▸ **Your instructions**
Your job with the data below: print everything from the line that holds "CIUDAD DE MÉXICO, 08JULIO2020.- Conferencia" down to the line that holds "Reg. Nr.: ESFCTU00000302900076098800000000000000000AT-503403-A9", ends included, exactly, and nothing else.

▸ **Records shown**
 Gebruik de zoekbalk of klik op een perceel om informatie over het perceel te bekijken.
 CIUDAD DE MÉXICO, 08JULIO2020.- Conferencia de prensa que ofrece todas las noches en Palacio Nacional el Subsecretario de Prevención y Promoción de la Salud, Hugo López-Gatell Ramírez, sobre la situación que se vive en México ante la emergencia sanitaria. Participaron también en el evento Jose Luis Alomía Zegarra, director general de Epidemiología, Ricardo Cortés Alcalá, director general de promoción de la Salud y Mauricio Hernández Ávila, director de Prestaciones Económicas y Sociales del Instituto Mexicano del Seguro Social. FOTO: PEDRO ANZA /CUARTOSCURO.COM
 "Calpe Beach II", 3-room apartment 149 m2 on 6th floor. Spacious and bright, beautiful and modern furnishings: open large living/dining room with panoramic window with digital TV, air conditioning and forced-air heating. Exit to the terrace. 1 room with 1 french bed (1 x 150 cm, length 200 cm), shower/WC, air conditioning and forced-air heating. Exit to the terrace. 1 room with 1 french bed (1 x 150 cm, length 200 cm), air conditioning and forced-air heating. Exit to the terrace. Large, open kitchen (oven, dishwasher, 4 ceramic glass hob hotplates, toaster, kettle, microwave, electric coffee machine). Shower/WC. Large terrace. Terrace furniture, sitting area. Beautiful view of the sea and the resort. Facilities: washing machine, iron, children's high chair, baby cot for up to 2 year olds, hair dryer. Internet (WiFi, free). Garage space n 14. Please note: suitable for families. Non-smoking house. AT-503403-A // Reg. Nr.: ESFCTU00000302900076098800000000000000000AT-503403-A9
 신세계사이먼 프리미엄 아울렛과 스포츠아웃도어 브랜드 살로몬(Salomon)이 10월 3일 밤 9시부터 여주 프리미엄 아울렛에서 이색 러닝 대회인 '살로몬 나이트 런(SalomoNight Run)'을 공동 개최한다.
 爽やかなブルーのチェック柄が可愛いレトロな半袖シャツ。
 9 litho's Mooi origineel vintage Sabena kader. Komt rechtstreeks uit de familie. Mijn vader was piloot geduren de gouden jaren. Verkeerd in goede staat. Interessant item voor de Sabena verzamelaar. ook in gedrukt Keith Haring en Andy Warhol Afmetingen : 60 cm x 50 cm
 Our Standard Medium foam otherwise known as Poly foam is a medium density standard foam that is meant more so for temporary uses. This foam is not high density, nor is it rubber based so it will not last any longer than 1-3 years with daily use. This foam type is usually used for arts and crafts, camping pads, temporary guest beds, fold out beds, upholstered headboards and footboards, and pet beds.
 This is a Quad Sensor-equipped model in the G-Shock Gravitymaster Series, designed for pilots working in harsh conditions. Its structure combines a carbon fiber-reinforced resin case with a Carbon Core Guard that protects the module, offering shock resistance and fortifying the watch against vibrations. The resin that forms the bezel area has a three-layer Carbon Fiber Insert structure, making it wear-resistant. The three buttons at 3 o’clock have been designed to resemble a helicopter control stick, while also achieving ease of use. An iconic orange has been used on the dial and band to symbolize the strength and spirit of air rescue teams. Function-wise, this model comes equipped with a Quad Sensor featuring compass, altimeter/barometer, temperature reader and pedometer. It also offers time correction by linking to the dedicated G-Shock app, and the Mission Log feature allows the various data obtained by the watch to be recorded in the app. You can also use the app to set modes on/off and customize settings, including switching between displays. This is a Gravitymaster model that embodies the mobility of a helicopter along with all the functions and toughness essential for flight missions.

▸ **Solution to the exercise**
 CIUDAD DE MÉXICO, 08JULIO2020.- Conferencia de prensa que ofrece todas las noches en Palacio Nacional el Subsecretario de Prevención y Promoción de la Salud, Hugo López-Gatell Ramírez, sobre la situación que se vive en México ante la emergencia sanitaria. Participaron también en el evento Jose Luis Alomía Zegarra, director general de Epidemiología, Ricardo Cortés Alcalá, director general de promoción de la Salud y Mauricio Hernández Ávila, director de Prestaciones Económicas y Sociales del Instituto Mexicano del Seguro Social. FOTO: PEDRO ANZA /CUARTOSCURO.COM
 "Calpe Beach II", 3-room apartment 149 m2 on 6th floor. Spacious and bright, beautiful and modern furnishings: open large living/dining room with panoramic window with digital TV, air conditioning and forced-air heating. Exit to the terrace. 1 room with 1 french bed (1 x 150 cm, length 200 cm), shower/WC, air conditioning and forced-air heating. Exit to the terrace. 1 room with 1 french bed (1 x 150 cm, length 200 cm), air conditioning and forced-air heating. Exit to the terrace. Large, open kitchen (oven, dishwasher, 4 ceramic glass hob hotplates, toaster, kettle, microwave, electric coffee machine). Shower/WC. Large terrace. Terrace furniture, sitting area. Beautiful view of the sea and the resort. Facilities: washing machine, iron, children's high chair, baby cot for up to 2 year olds, hair dryer. Internet (WiFi, free). Garage space n 14. Please note: suitable for families. Non-smoking house. AT-503403-A // Reg. Nr.: ESFCTU00000302900076098800000000000000000AT-503403-A9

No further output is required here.